** INFORMATION SUPPLIED follows **
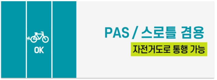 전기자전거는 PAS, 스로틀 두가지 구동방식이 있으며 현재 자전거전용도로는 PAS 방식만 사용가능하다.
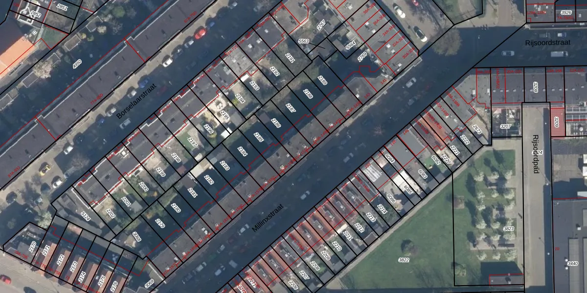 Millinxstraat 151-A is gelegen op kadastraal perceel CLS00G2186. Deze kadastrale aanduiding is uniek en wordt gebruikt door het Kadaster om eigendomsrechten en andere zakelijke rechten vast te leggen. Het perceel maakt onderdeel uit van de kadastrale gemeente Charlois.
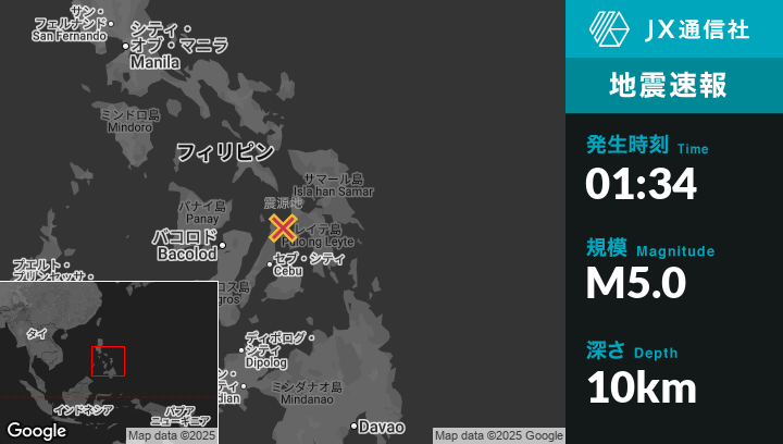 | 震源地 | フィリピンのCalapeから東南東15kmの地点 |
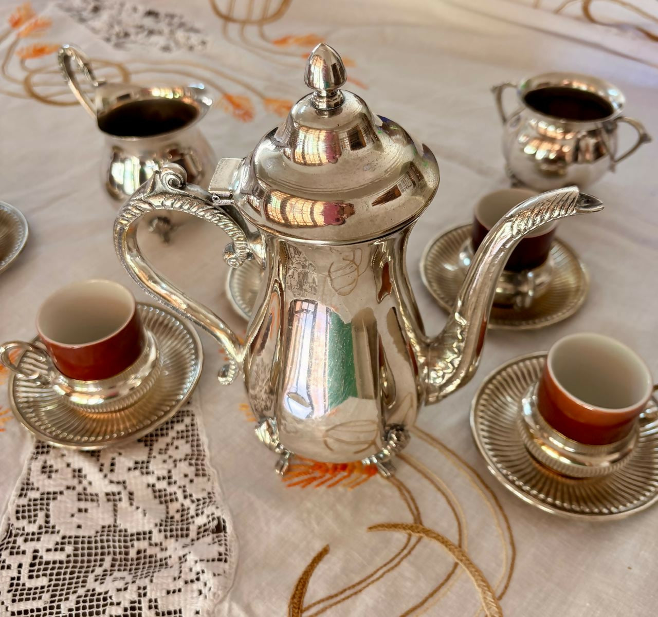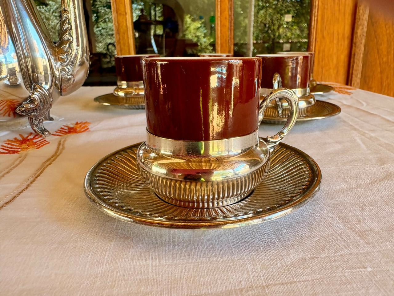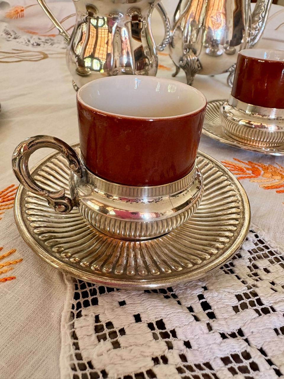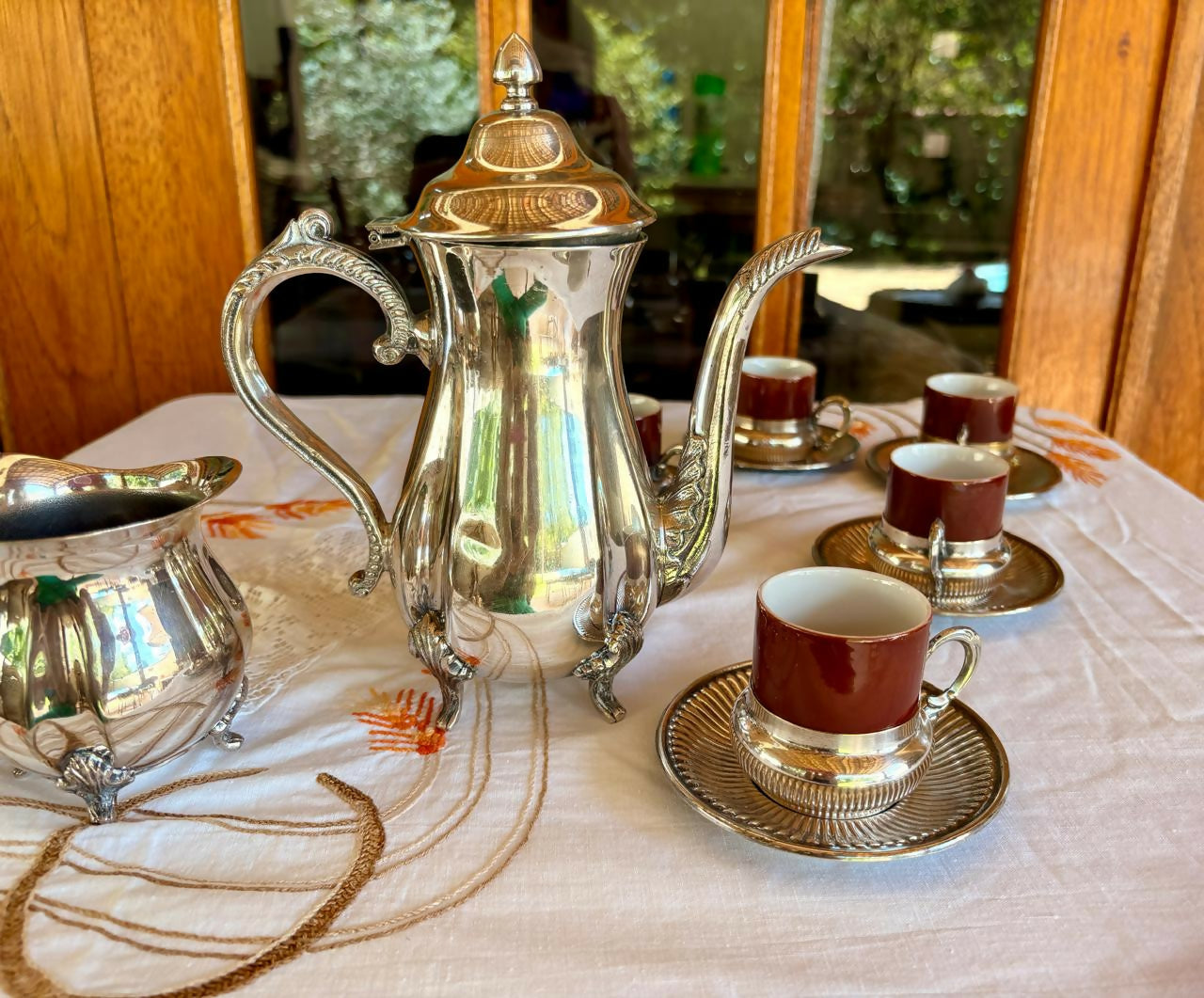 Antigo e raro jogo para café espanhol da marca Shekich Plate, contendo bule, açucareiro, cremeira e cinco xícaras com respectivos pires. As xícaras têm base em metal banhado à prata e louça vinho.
** End of INFORMATION SUPPLIED **
Give the listing again, exactly as it appears, but without its images.

 전기자전거는 PAS, 스로틀 두가지 구동방식이 있으며 현재 자전거전용도로는 PAS 방식만 사용가능하다.
 Millinxstraat 151-A is gelegen op kadastraal perceel CLS00G2186. Deze kadastrale aanduiding is uniek en wordt gebruikt door het Kadaster om eigendomsrechten en andere zakelijke rechten vast te leggen. Het perceel maakt onderdeel uit van de kadastrale gemeente Charlois.
 | 震源地 | フィリピンのCalapeから東南東15kmの地点 |
 Antigo e raro jogo para café espanhol da marca Shekich Plate, contendo bule, açucareiro, cremeira e cinco xícaras com respectivos pires. As xícaras têm base em metal banhado à prata e louça vinho.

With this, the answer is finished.